P. 37.2(c) (2010). The mandate in Harris’s direct appeal was issued on March 30, 2010. His
time for filing a Rule 37.1 petition has long expired. Thus, the circuit court did not clearly
err in finding that Harris’s petition was untimely and that his double-jeopardy claim was
time-barred under Rule 37.2(c)(ii).
B. Merits
Additionally, even if we reached the merits of Harris’s argument, the circuit court was
correct that his claim would fail. As the State points out, Harris previously made the same
double-jeopardy argument in a petition for writ of habeas corpus filed pursuant to Arkansas
Code Annotated section 16-112-101 (Repl. 2016). On appeal from the denial of that
petition, the supreme court rejected the argument as meritless. It held that
Harris next claims that his convictions for first-degree battery and a terroristic act violate the prohibition against double jeopardy because the two offenses arose from the same continuing course of conduct, and first-degree battery and a terroristic act share the same elements. Harris’s double-jeopardy claim is equally unavailing. Each gunshot fired by Harris represented a separate criminal act that supports separate criminal charges, such as a charge of a terroristic act and first-degree battery. Lee v. State, 2017 Ark. 337, 532 S.W.3d 43; see also McLennan v. State, 337 Ark. 83, 987 S.W.2d 668 (1999) (firing three shots into an apartment constituted three separate terroristic acts). Because firing multiple gunshots are considered distinct criminal acts, there is no need to decide whether the elements in different charges overlap. Lee, 2017 Ark. 337, 532 S.W.3d 43.
8 Harris v. Gass, 2024 Ark. 78, at 3–4, 687 S.W.3d 794, 797. Although the claim was bought
in a habeas corpus case and against different parties than the current illegal-sentence petition,
the double-jeopardy claim was rejected as meritless in Harris. Thus, pursuant to Harris, we
hold that the circuit court did not err in ruling that, even if Harris’s claim were cognizable,
it would fail under Arkansas law.1 Accordingly, the circuit court’s denial of relief under
section 16-90-111 was not clearly erroneous, and we affirm the circuit court’s order.
Affirmed.
GLADWIN and HIXSON, JJ., agree.
Charles Edward Harris, Jr., pro se appellant.
Tim Griffin, Att’y Gen., by: Lauren Elizabeth Heil, Ass’t Att’y Gen., for appellee.
1 Finally, we note that Harris does not assert in this appeal that his fifteen-year sentences are facially illegal because they exceed the maximum terms prescribed by law.
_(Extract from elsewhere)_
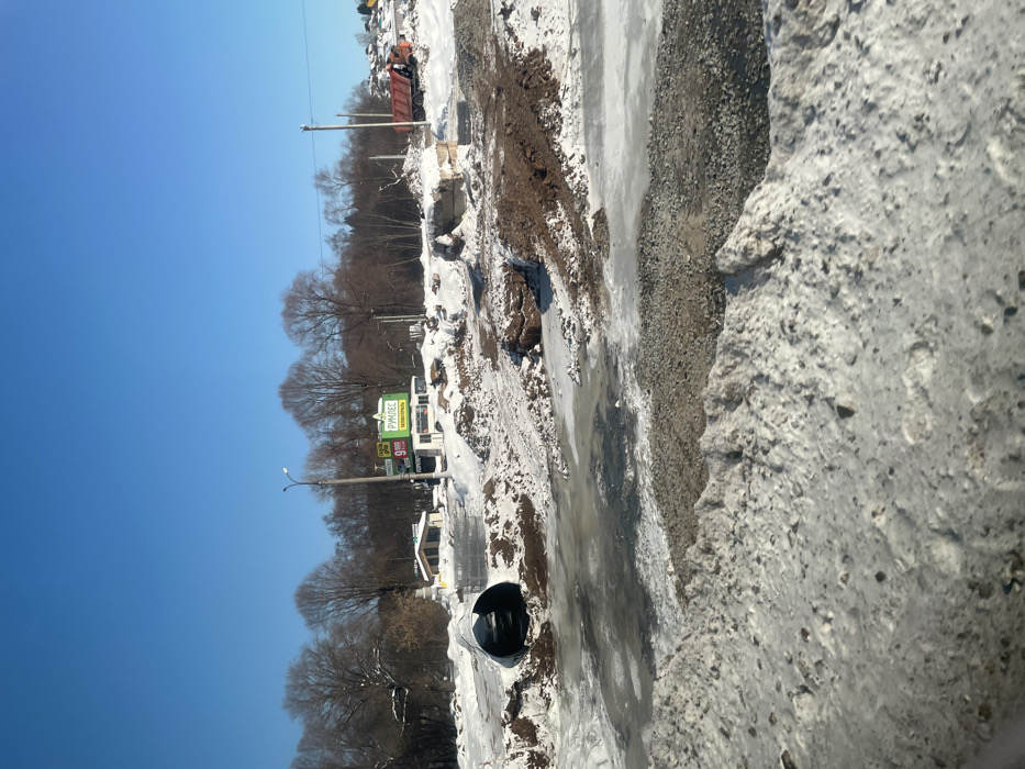 The scene depicts a snow-covered, undeveloped area in Oktyabr'skii, Russia, under a clear blue sky. In the foreground, a large corrugated metal culvert pipe rests horizontally, partially submerged in a pool of murky, partially frozen water. Surrounding the culvert and extending towards the viewer are irregular mounds of dirty snow, brown earth, gravel, and ice. In the midground, additional snow-covered earth piles and construction debris are visible, including a large, partially snow-covered rectangular concrete block. A white bus, possibly decommissioned or parked, is situated behind these mounds, near a street light pole. To the left of the bus, a small building with a light-colored facade and dark roof is present. Two billboards stand prominently: one green with the Russian word "РУМЛЕС" (RUMLES) and the number "900" in white text, and another with blue text to its left. The background features a dense line of bare deciduous trees, indicating a winter season. To the far right, a red dump truck is positioned on an elevated, snow-covered mound of material. Utility poles and power lines are visible on the right side of the frame. No individuals are present in the image.

See generally McArty, 2020 Ark. 68, at 7, 594 S.W.3d at 58. But even if he had made that argument, it also would have been meritless in this illegal-sentence proceeding. When the judgment was entered against Harris, first-degree battery was a Class B felony. See Ark. Code Ann. § 5-13-201(c)(1) (Supp. 2007); see also Ark. Code Ann. § 5-4-401(a)(3) (Repl. 2006) (stating that for a Class B felony, the sentence shall be not less than five years nor more than twenty years). A terroristic act was a Class Y felony if the person, with the purpose to cause physical injury to another person, causes physical injury or death to any person. Ark. Code Ann. § 5-13-310(b)(2) (Supp. 2007); see also Ark. Code Ann. § 5-4-401(a)(1) (stating that for a Class Y felony, the sentence shall be not less than ten years and not more than forty years, or life). As a habitual offender, Harris was subject to a term of imprisonment of not less than five years nor more than thirty years for Class B felony first-degree battery and a term of not less than ten years nor more than sixty years, or life for Class Y felony committing a terroristic act. See Ark. Code Ann. § 5-4-501(a)(2) (Supp. 2007). Thus, had Harris challenged his fifteen-year sentences, he would not have met his burden of demonstrating that those sentences were facially illegal. See Redus, 2019 Ark. 44, at 3–4, 566 S.W.3d at 471.